Tweede graad – derde en vierde leerjaar
Wat is typisch aan deze studierichting?
De klemtoon ligt op het vak economie.
Economie is de studie van de “huishouding”. In een land zijn er verschillende soorten huishoudingen : gezinnen, bedrijven, overheid. Die hebben allemaal iets met elkaar te maken. Heel het economisch gebeuren is immers één kringloop. Die kringloop is het vertrekpunt van je studie. In het bijzonder zal ingegaan worden op de gedragingen van de consumenten (= verbruikers) en de producenten (= voortbrengers van goederen). Daarbij duiken begrippen op als sociale zekerheid, loonberekening, beleggingen, leningen, indexcijfer, koopkracht, reclame, winst, boekhouden…
Drempels
Vanuit het tweede (gemeenschappelijk) leerjaar van de eerste graad is de overstap naar 3 Economie mogelijk voor alle leerlingen die goed zijn voor talen en wiskunde.
Als je vanuit een derde jaar wil instromen in het 4de jaar EC, moet je er rekening mee houden dat dat enkel kan mits voldoende voorkennis voor economie, talen en wiskunde.
Als je in het 3de jaar geen economie hebt gehad, dan kan je voor 15 juli in het Sint-Jozefinstituut een inhaalbundel vragen om tijdens de zomermaanden in te studeren. Er wordt eind augustus een test afgenomen.
Welke leerlingen kiezen voor deze studierichting?
Je kiest voor deze studierichting als je belangstelling hebt voor economie.
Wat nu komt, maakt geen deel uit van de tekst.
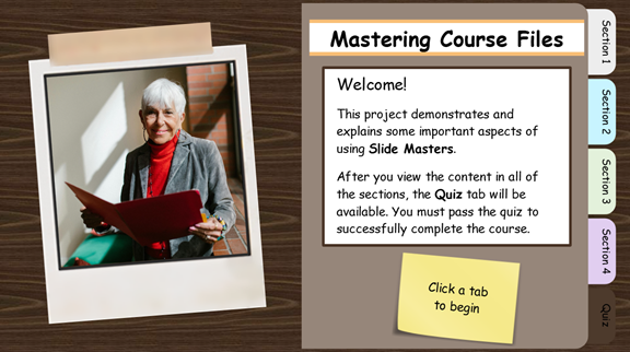 This project is based on an old design from the early days of Storyline. Content is organized in "folders" accessed via "tabs." It's a simple, clean design that perhaps others will find useful.

Wellicht heb je dat al ondervonden toen je in het tweede leerjaar het vak socio-economische initiatie (SEI) of het vak handel volgde, maar dat is niet echt nodig.
Toekomstmogelijkheden
Na de tweede graad Economie liggen in de derde graad alle mogelijkheden open, vooral de richtingen met economie. De studierichtingen met klassieke talen zijn evenwel afgesloten.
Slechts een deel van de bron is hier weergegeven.